Catholic Church leaders in America were just as eager as any others to prove their loyalty to the United States. The bishops of the United States formed the National Catholic War Council in 1917 to coordinate and encourage Catholic participation in the War. The Council set up Catholic settlement houses in cities across the country to Americanize immigrants and urged every diocese and Catholic organization to set up their own Americanization programs.

Once unleashed by the War, the fear of disloyal foreigners took on a life of its own. In the midst of a postwar depression and a series of major strikes, government agencies began cracking down on foreigners as suspected radicals. State legislatures, still flush with the nationalist emotions of the war and fearful of the new economic upheaval, lost faith in private voluntary Americanization activities and turned to the schools to make "100% Americans" out of Italian, Polish, or Slovak immigrants and their children.

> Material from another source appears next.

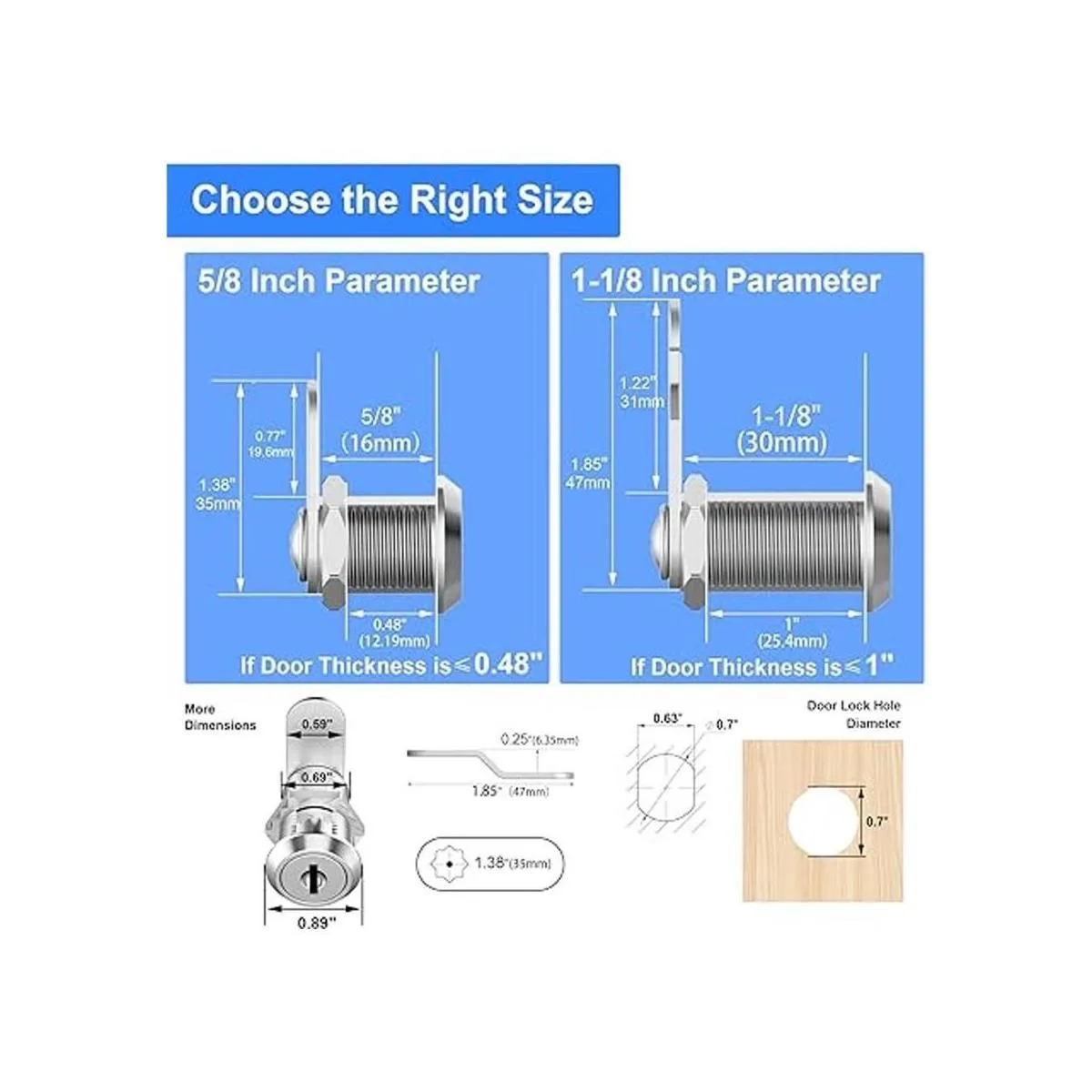 Tamaño del producto: diferentes longitudes de cerraduras de leva son adecuadas para diferentes grosores de paneles de puerta. Antes de comprar, comprueba la introducción de tallas en la figura 2 y elige el tamaño correcto Longitud del cuerpo de la cerradura de leva: 0.630 in, grosor de la puerta 0.480 in, diámetro del agujero de la cerradura: 0.709 in, dos placas de diferentes formas de 1.835 in y 1.378 in. Las cerraduras de gabinete con llaves son ampliamente utilizadas en buzón, caja de herramientas, archivadores, puertas de caravanas y caravanas.

By 1919, two states required non English speaking aliens to attend Americanization classes. In the same year, fifteen states passed laws insisting that all instruction in primary schools must be in English.

These school laws were only one battle in the cultural war emerging during the "Tribal Twenties." Congress would severely restrict immigration, virtually excluding immigrants from Italy, Poland, Slovakia, Hungary and other parts of eastern Europe. Meanwhile the Ku Klux Klan, reborn on Stone Mountain in Georgia in 1915, grew to over 3 million members by 1924. The new Klan was much more popular in the north and concerned about immigrants and Catholics than the old Klan of the Reconstruction era. In fact, the new Klan's stronghold was not any southern state, but Indiana.